Is there any way we can do something like merge in mergesort using numpy function?
some function like merge:
a = np.array([1,3,5])
b = np.array([2,4,6])
c = merge(a, b) # c == np.array([1,2,3,4,5,6])
I wish I could get high performance for large data thanks to numpy
You can use
from numpy import concatenate, sort
c = concatenate((a,b))
c.sort(kind='mergesort')
I am afraid you can't do better than this, unless you write your own sorting function as a python extension, à la cython
.
See this question for a similar problem, but keeping only the unique values in the merged array.
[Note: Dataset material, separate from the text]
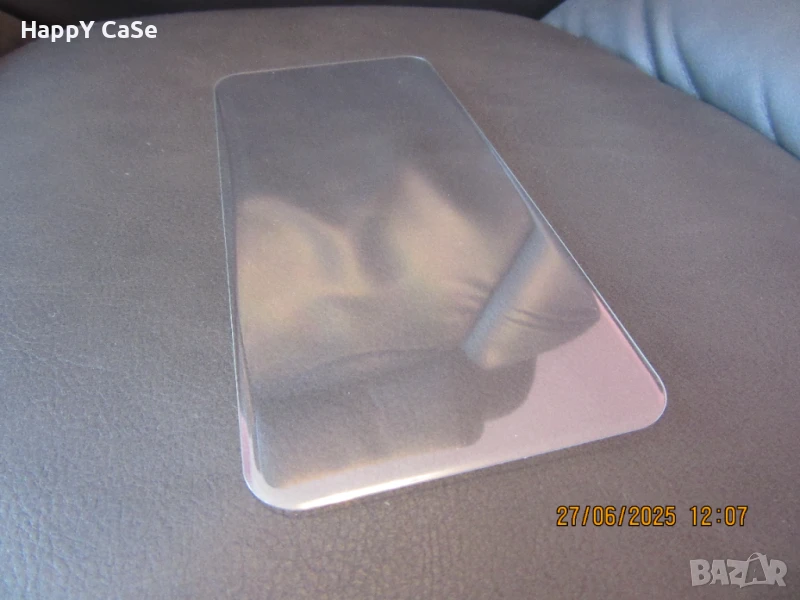 5. Махнете предпазното фолио от долната страна на стъкления протекторпротектор и го равнете прецизно спрямо екрана на телефона. Особено ВАЖНО е при всички заоблени екрани (респективно протектори) е протектора да се центрира добре наляво надясно по широчината на екрана за да могат заоблените ръбове на протектора да легнат точно върху заоблените ръбове на екрана. Ако това не се направи и протектора бъде изместен наляво или надясно спрямо централната ос на екрана, ще се отлепи бързо от срещуположната страна на изместването, защото заоблената част на протектора се качва върху правата част на екрана.

The benchmarks and comments there are insightful as well.
The sortednp package implements an efficient merge of sorted numpy-arrays:
import numpy as np
import sortednp
a = np.array([1,3,5])
b = np.array([2,4,6])
c = sortednp.merge(a, b) # c == np.array([1,2,3,4,5,6])
Inspired by Sander's post, I measured numpy's mergesort (v1.17.4), Sander's answer, and sortednp (v0.2.1) for different array-sizes and ratios of the sizes between a and b using the following code:
from timeit import timeit as t
import sortednp as snp
import numpy as np
def numpy_mergesort(a, b):
c = np.concatenate((a,b))
c.sort(kind='mergesort')
return c
def sanders_merge(a, b):
if len(a) < len(b):
b, a = a, b
c = np.empty(len(a) + len(b), dtype=a.dtype)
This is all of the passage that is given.